Well done to Tracy Grimshaw for pushing Burke with the question: “You think everybody saying these things are fragile, this comes from their fragility?”
To suggest you cannot answer someone’s strongly-put allegation because it would harm their fragile state is ridiculous, yet Burke tried this more than once.
Thirdly, his claims that social media was to blame for his predicament — of being called out by three named women, two former network CEOs and even crew members whose observations Grimshaw put to him last night — were laughable.
As were his suggestion that stories get bigger in the telling.
The claims did not come from social media, they came from named people who have staked their reputations and risked further stress and trauma by going public.
Fourth, asking “who remembers what happens 30 years ago” totally invalidates the suffering of people who have experienced real trauma in the past.
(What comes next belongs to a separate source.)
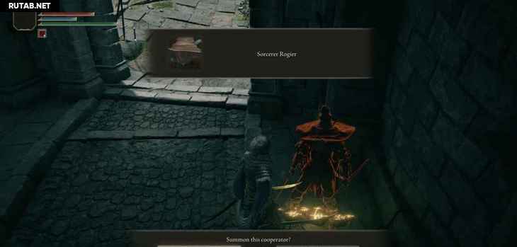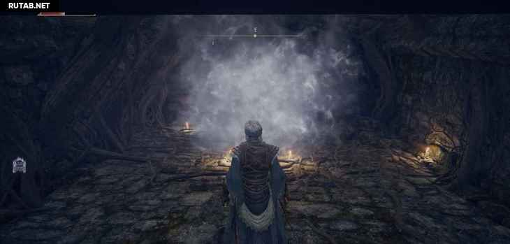 Это последнее место благодати перед тем, как вы перейдете к первому боссу, поэтому не забудьте подготовиться, прежде чем выходить из туннеля. Слева также есть статуя призыва, а справа знак вызова NPC, где вы можете вызвать Чародей Рожер.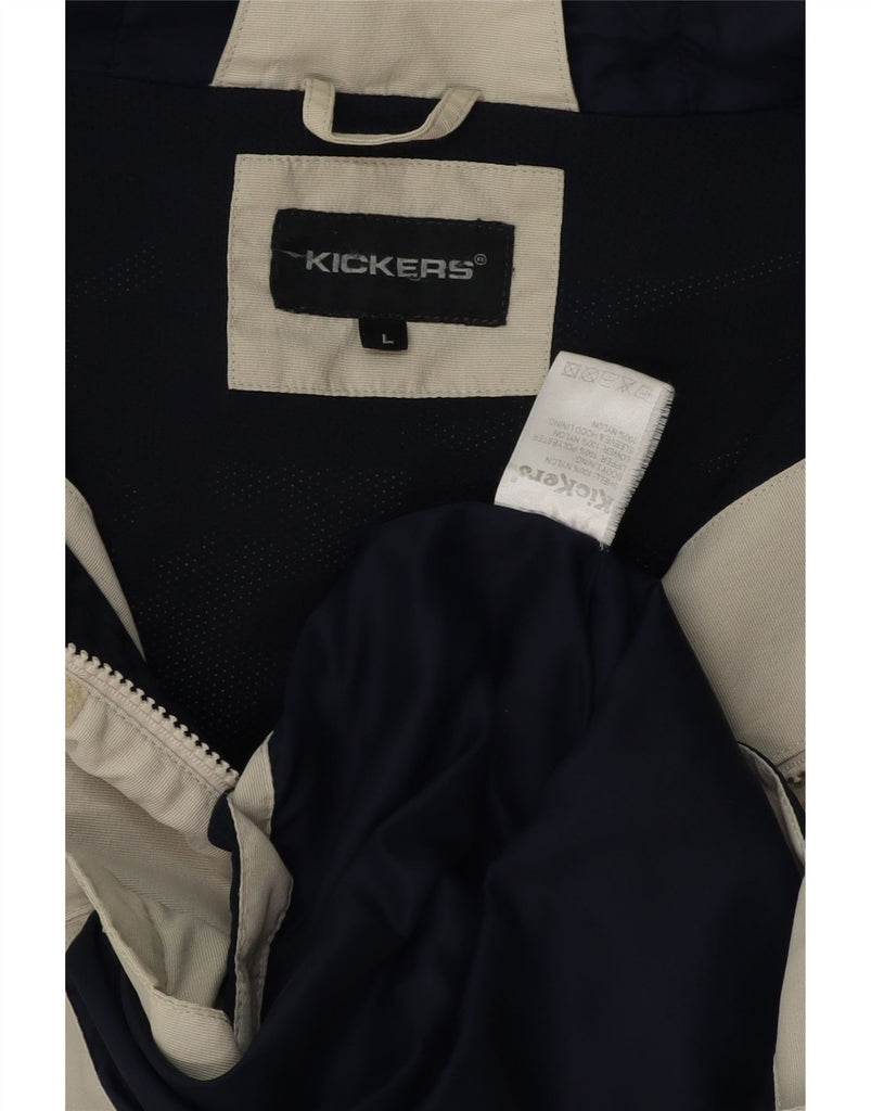 KICKERS Mens Hooded Windbreaker Jacket UK 40 Large Beige Colourblock Nylon

Plenty of people remember in detail what happened to them 30 years ago. Just ask the hundreds who gave testimonies to the Royal Commission into clergy abuse.
The impact of historical painful events is very often ongoing pain — of the type you don’t just forget or blank out.
Lastly, to suggest he was the victim of a “witch hunt” because of the Harvey Weinstein scandal was simple garbage.
No matter how powerful a figure you are or were, the beautiful thing about everyday folks is that presented with evidence they can see right through the status to what lies beneath.